Over the next couple of weeks, as I scan my way through all the drawings, I’ll do a few more posts on the places we sketched.  I think there’s a great book in here – capturing this fascinating Caribbean capital – before it’s all gone – either to ruin, or revolution.

 

9 thoughts on “New Years in Havana

    1. Hey Jenny – best of luck with your trip – if you have time – the Necropolis in Havana was probably the best drawing day of the trip. Very peaceful and so much to draw everywhere.

      I’m still digesting what I might do differently if I went back. Maybe giving drawing supplies to all the artists on the street :_ (there are lots of them in centro)

      Though they’d probably all prefer money. They certainly need it.
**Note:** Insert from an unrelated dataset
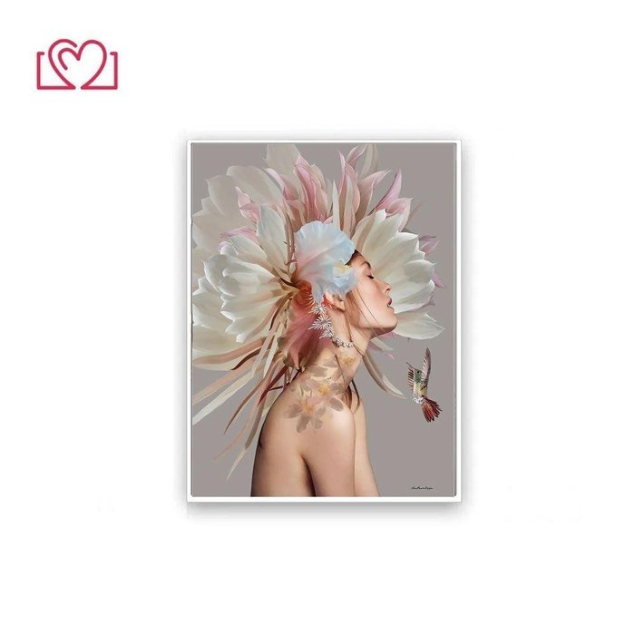 Quadro Mulher Cocar Branco Tamanho 30x40 Off White

      Next time I’ll probably try stay in a local b&b. I didn’t find the hotel a good experience. (we were on a tight budget tho – so stayed in a 2 star joint – kind of not the best choice).

  1. Hi Marc,
    Incredible Pen Sketches !
    Cuba must be really inspiring.
    Please check your email at hotmail ,I have sent you one before your trip to Cuba.
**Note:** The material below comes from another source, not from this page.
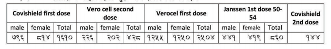 त्यसैगरी ४२८ जनाले भेरोसिल खोपको दोस्रो डोज लगाएका छन् । १२५५ पुरुष र १२५० महिला गरी २५०५ जनाले भेरोसिलको पहिलो खोप लगाएका छन् ।
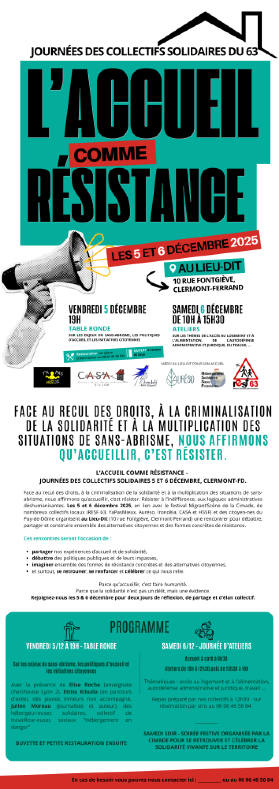 Dans le cadre du festival Migrant’Scène, de nombreux collectifs locaux (RESF 63, YaPasMieux, Auréso, Irondèla, Casa et HSSF) et des citoyen·nes du Puy-de-Dôme organisent une rencontre pour débattre, partager et construire des alternatives citoyennes. Ils et elles affirment que, face à la criminalisation de la solidarité et à la multiplication des situations de sans-abrisme, accueillir, c’est résister. (...)

  2. Wow.. it’s simply incredible, such beauty of boheme; nouveau french and spanish architecture mixed together.. And now, in total ruins. Incredible what those bastards are doing to Cuba. Your artwork is magnificent, I really like your style.

  3. I am really happy you liked the ruins of my capital city. You saw a filthy negro infested slum and not a city.I first went to Havana in 1981 when it was already run down but there was decent bus service, the cannibalization of the city had not yet begun in earnest. By 1994 the city I returned to was a skeleton of what I had seen in earlier trips. My parents returned after 40 years and they blocked out the city and only recall the people they went to see. They were horrified at what Havana had become. UNESCO has done wonders but the USA continues to bring about regime change in Cuba with a 0% success rate.And so the city will continue to crumble.America has no friends.In the end, the Cubans lost it all but if we survive the coming days, Cuba will be seen as a winner as the USA slips into despair.Cuba is only going up. Centro Havana is only .25% of Cuba.Spain and Cuba run and own the New Cuban Riviera.
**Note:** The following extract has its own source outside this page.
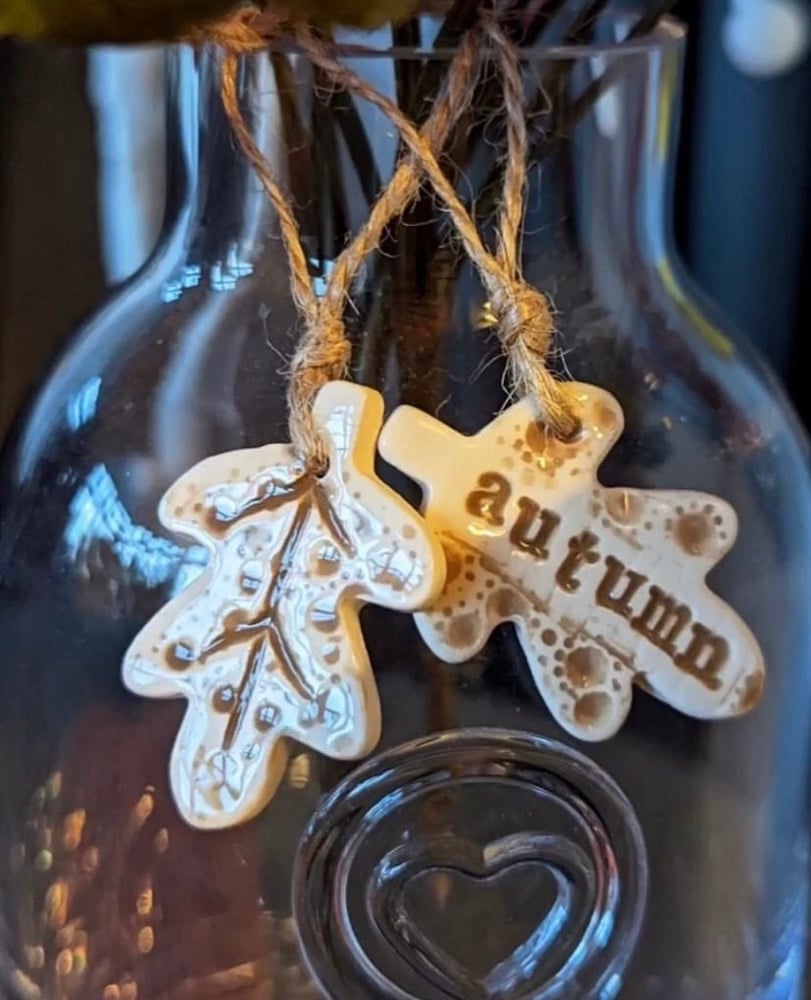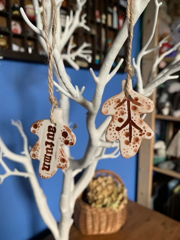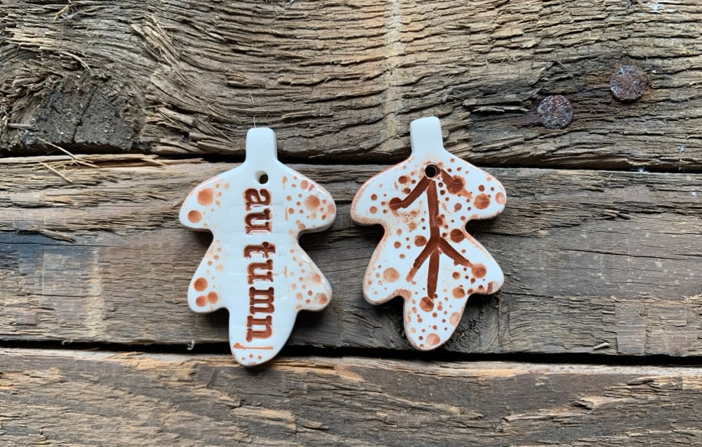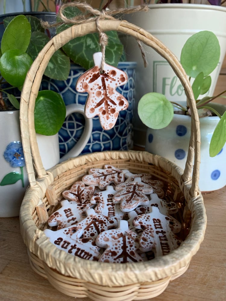 I cut out the leaves, emboss them, they are allowed to dry, I then colour with underglaze and fire them in my kiln. Then I clean them up, glaze them and fire again in my electric kiln.

    1. I’m not sure what to say Enric – I’m just a guy passing through with my sketchbook. I’m not sure how to read your tone here – text is often tricky to interpret. I hope it didn’t sound like I was ‘enjoying’ the decay in Centro. In some kind of superior way. It’s affecting to visit. It seems like there has to be some lesson learned about how we allow governments to run, when the situation gets to where it has. A great city left to run down.

      I’m always on guard about coming to conclusions where I’m uninformed, but I think calling a place a ‘filthy negro infested slum’ is saying something about your own views. Why make it about a people? I doubt these guys have much to do with the economic collapse. It’s pretty dirty yes – but why pin the lack of infrastructure on the citizens? What are they supposed to do with no resources? I’m guessing a lot of people who live there now didn’t ask to be relocated there. It seems like people are trapped by the situation.

      I hope the city bounces back – but I wonder where the money will come from. Is it going to be tourism? Or bringing in the factories from outside? It would be interesting to go back in a while – in the one year between trips I did see some signs of recovery. We’ll see!